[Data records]
--------------------
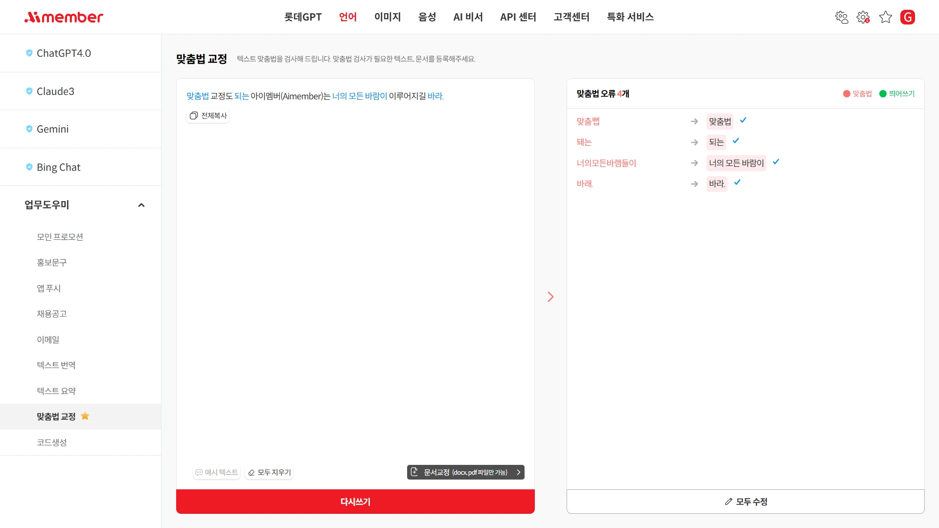 하단의 [모두 수정] 버튼을 누르면 전체 교정된 결과 텍스트를 확인할 수 있습니다.
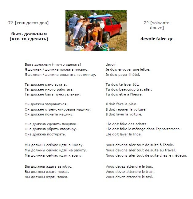Он должен отремонтировать машину. - Il doit réparer la voiture.
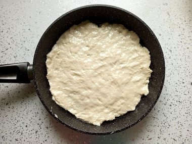 Возьмите сковороду с антипригарным дном. Капните на нее немного растительного масла. Рукой размажьте его по дну. Этой же смазанной рукой возьмите тесто и равномерно разомните его тонким слоем. У меня сковорода 24см диаметром, как раз хватило всего теста.
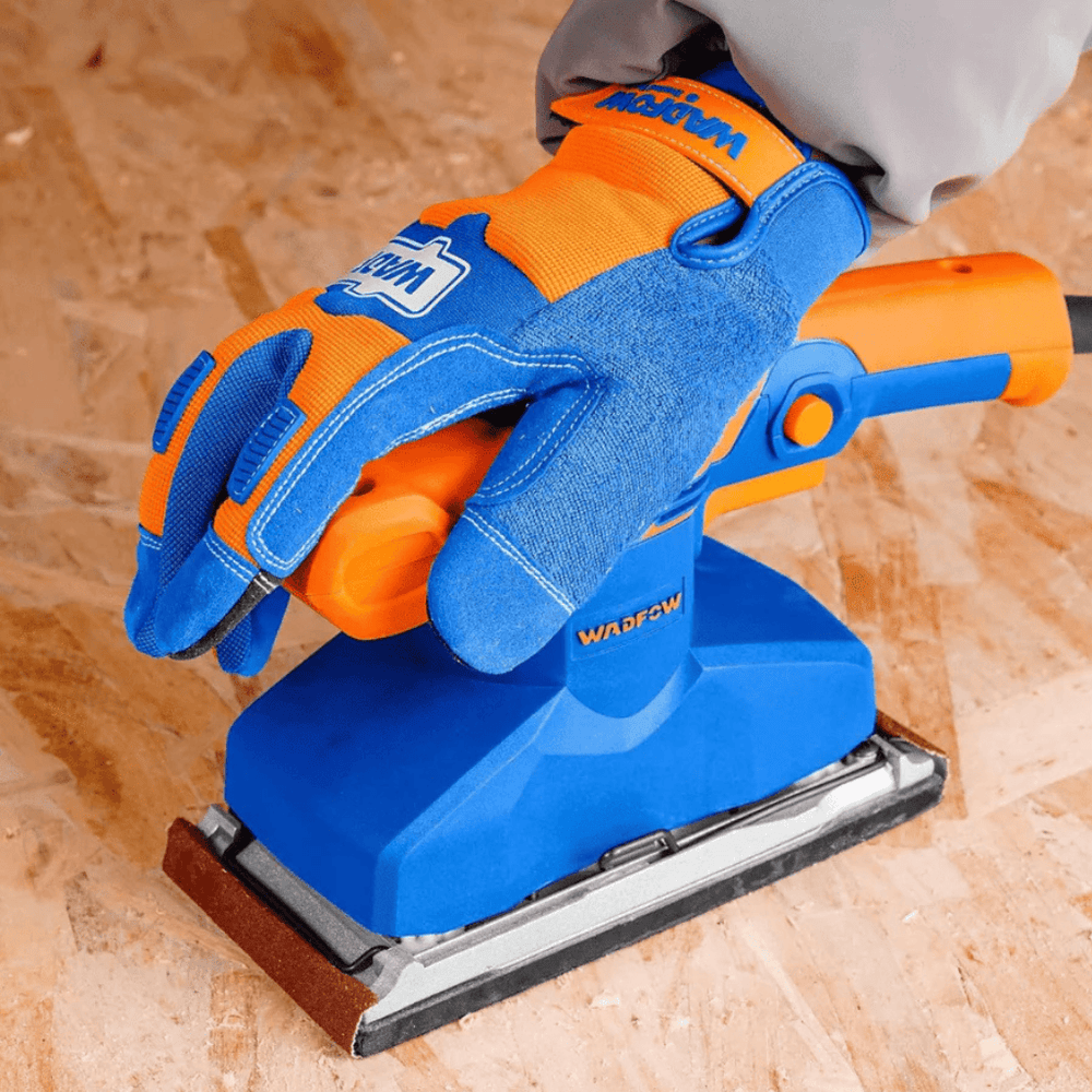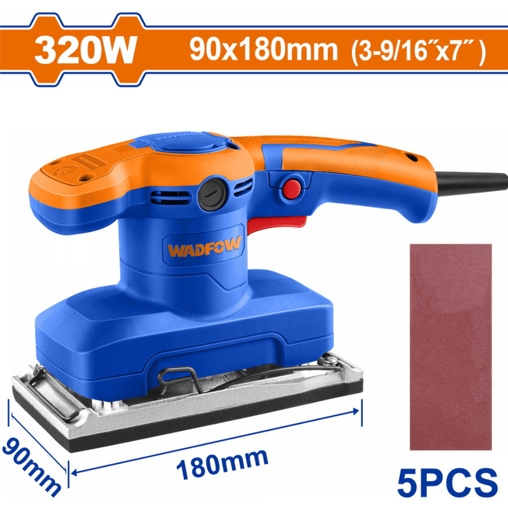Perfect your finishing work with the Wadfow Finishing Sander. Designed for precision and efficiency, this sander features a powerful 320W motor and a high no-load speed of 14000 RPM, ensuring smooth and swift material removal. The durable aluminum base (90x180mm) provides stability and longevity, while the included 5 sandpapers offer versatility for various surfaces. Ideal for woodworking, furniture refinishing, and DIY projects.
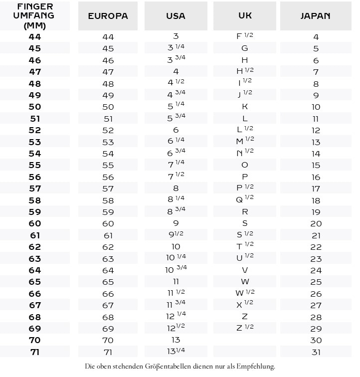 Der Fingerumfang kann im Laufe des Tages leicht variieren. Möglicherweise müssen Sie den Ring öfter anprobieren, um sicherzustellen, dass er bequem sitzt. Denken Sie auch daran, dass der Finger an der rechten Hand eine andere Größe haben kann als der gleiche Finger an der linken Hand.
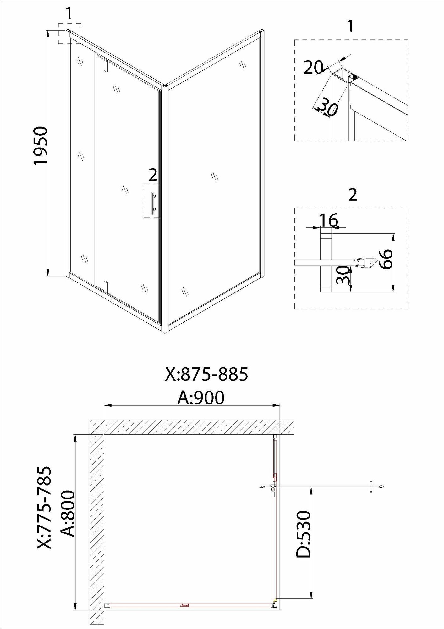 Душевое ограждение Niagara NG-0290-08 BLACK (900х900х1900) квадрат, дверь распашная, 1 место
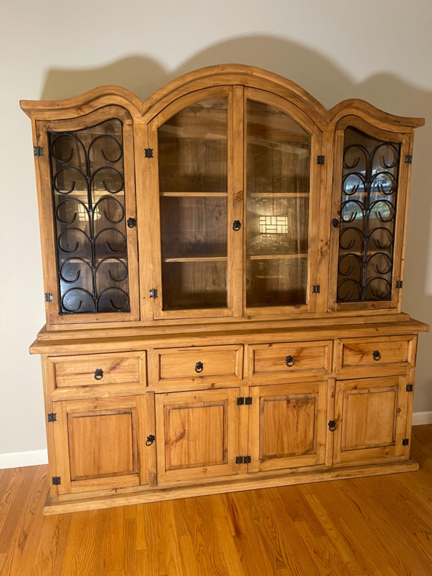 Large Rustic Wood Hutch One glass door sits slightly open, but could be fixed with a replacement piece. Wood has some scratches and scuffs from use but is in great condition.
--------------------
> TASK ITEM:
Copy back exactly the lines above from the one containing "Он должен отремонтировать" through the one containing "Возьмите сковороду с", and leave every picture behind.

> WRITTEN ANSWER:
Он должен отремонтировать машину. - Il doit réparer la voiture.
 Возьмите сковороду с антипригарным дном. Капните на нее немного растительного масла. Рукой размажьте его по дну. Этой же смазанной рукой возьмите тесто и равномерно разомните его тонким слоем. У меня сковорода 24см диаметром, как раз хватило всего теста.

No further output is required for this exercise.